Para los servicios del puerto y las citadas obras era necesaria la adquisición de una grúa flotante de 60 toneladas, veamos como fue su origen y cuales eran sus características técnicas.
De la Memoria sobre el Estado de las Obras del Puerto de Vigo en 31 de Diciembre de 1.926, firmado por el mismo Eduardo Cabello Ebrentz, leemos:
Grúa flotante de 60 toneladas.
Aprobados los pliegos de condiciones facultativas, particulares y económicas, como se ha dicho, por Real Orden de 7 de Marzo de 1.922, para adquirir una grúa flotante de 60 toneladas, fue autorizada la Junta, por Real Decreto de 21 de Julio del mismo año, para realizarlo por concurso, y a su efecto se anuncio en 1º de Septiembre siguiente, señalando para el acto el día 1º de Diciembre inmediato.
Verificado en dicha fecha, se presentaron las cuatro proposiciones siguientes:
1ª De D. Teodulo Marco Puyol, en nombre y representación de la Sociedad Española de Construcciones Babcock and Wilcox, de Bilbao, que se comprometia a entregar la grúa con estricta sujeción a las condiciones exigidas, por la cantidad de 918.000 pesetas, y a entregarla en el plazo de 12 meses.
2ª De D. Eugenio Grasset y Echevarria, de Madrid, que ofrecía el referido suministro por la cantidad de 1.780.000 pesetas, siempre y cuando se adoptase la primera solución que expresamente se indicaba en la memoria correspondiente y en 2.000.000 de pesetas, si se adoptaba la segunda solución. El plazo de entrega seria de doce meses.
3ª De D. Jose Ortiz Artiñano, en nombre y representación de la Sociedad Española de Construcciones Metálicas, de Bilbao, que se comprometia a llevar a cabo la ejecución de la grúa por la cantidad de 1.215.000 pesetas, adoptandose la solución a vapor y en 1.270.000 pesetas con la variante de accionamiento eléctrico con energía generada en motor Diesel. El plazo de entrega seria de 12 meses.

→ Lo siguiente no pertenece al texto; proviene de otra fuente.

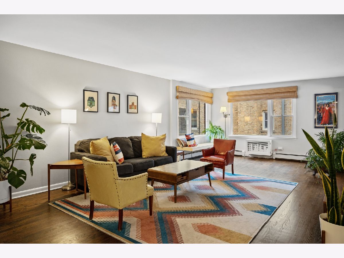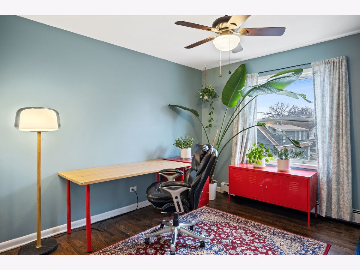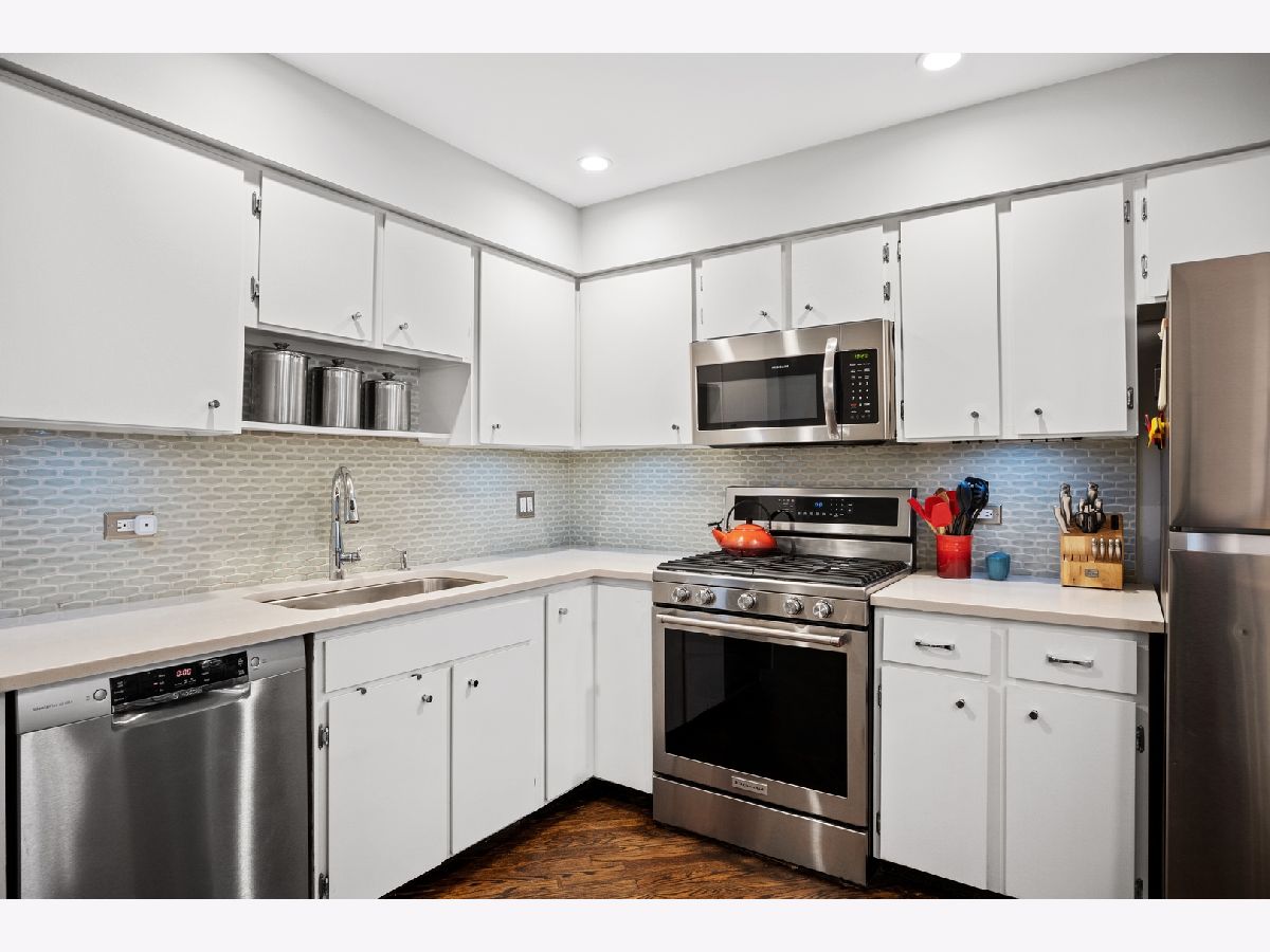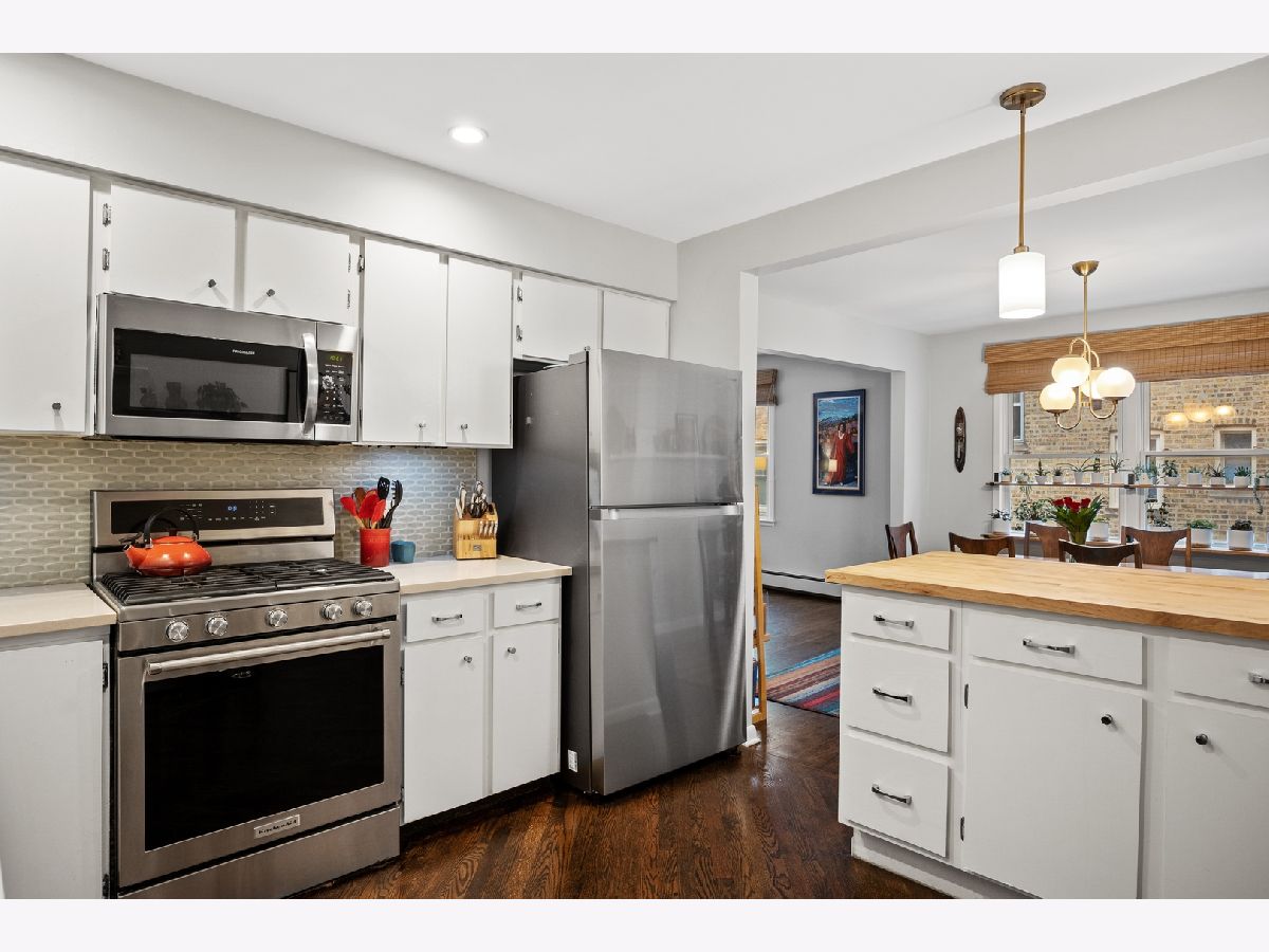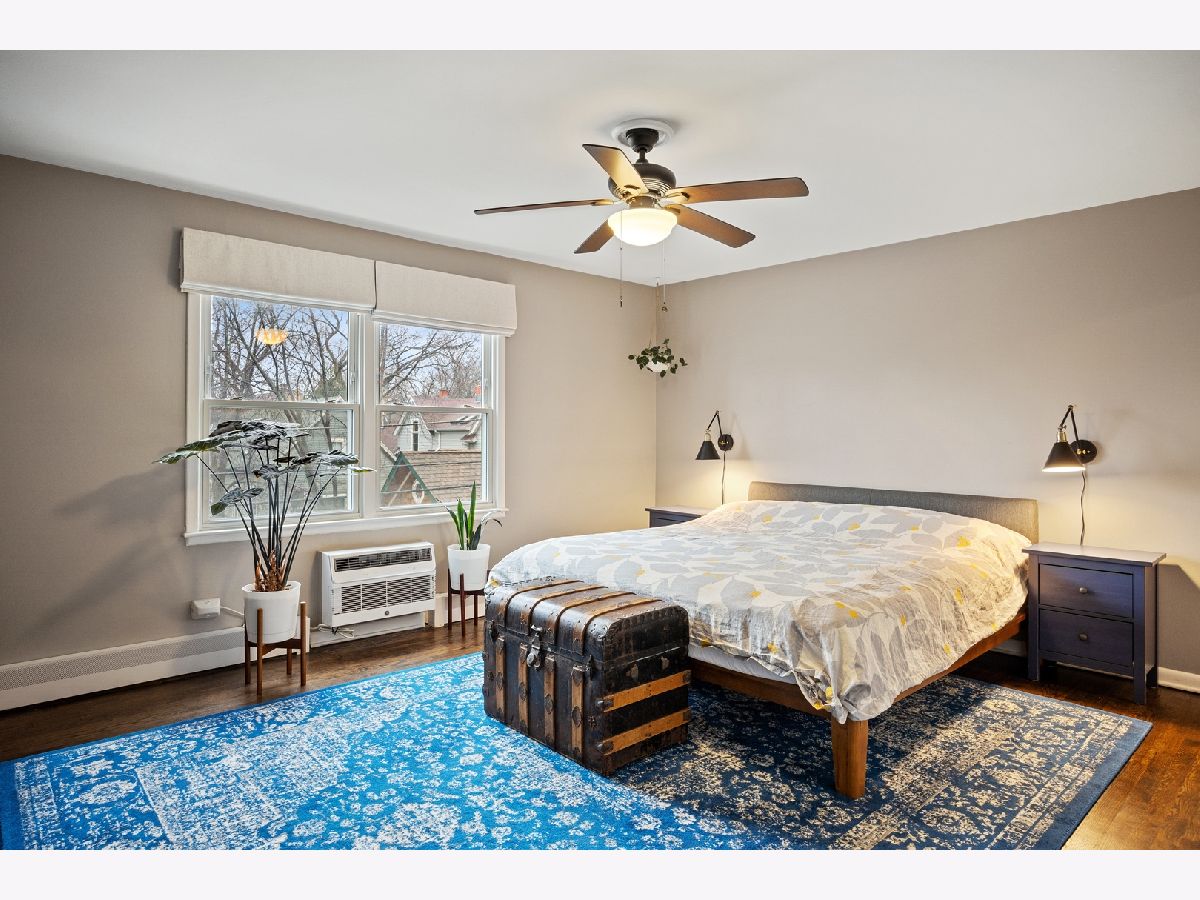 Welcome to this beautifully updated and spacious condo located just west of Chicago Ave. and close to all the Main Street shopping district has to offer! Spacious living room with hardwood floors and the quintessential picture window and window seat lets the light in and offers tree top views of the neighborhood. Large separate dining area is conveniently open to both the living room and kitchen. Amazing kitchen with abundance of cabinet space, breakfast counter, newer stainless steel appliances and beautiful blue tile backsplash. Quiet primary suite with ample double closets, hardwood floors and private full bath. Two additional bedrooms each with large closets, hardwood floors and Western exposure for lots of natural light. Several recent updates including refinished hardwood floors, fresh paint, and ceiling fans. Great building with elevator, laundry for each level and professionally managed. Storage space and assigned exterior parking included. Great Evanston location close to shopping, restaurants, Metra and the lakefront.

4ª De D. Rafael Ferrer, en nombre y representación de D. Horacio Echevarrieta, Astilleros Gaditanos, que se comprometia a suministrar dicha grua por la cantidad de 1.330.000 pesetas y a entregarla en el plazo de 12 meses.
Las cuatro proposiciones fueron admitidas por ajustarse a las condiciones estipuladas.
Informadas por esta Dirección y por la Junta, de conformidad, se elevo el expediente a la Superioridad en 13 de Enero de 1.923 y fue resuelto por Real Orden de 18 de Julio siguiente adjudicando el concurso a D. Teódulo Marco Puyol, como representante de la Sociedad Española de Construcciones Babcock and Wilcox, de Bilbao, con arreglo a las condiciones de su antes citada proposición.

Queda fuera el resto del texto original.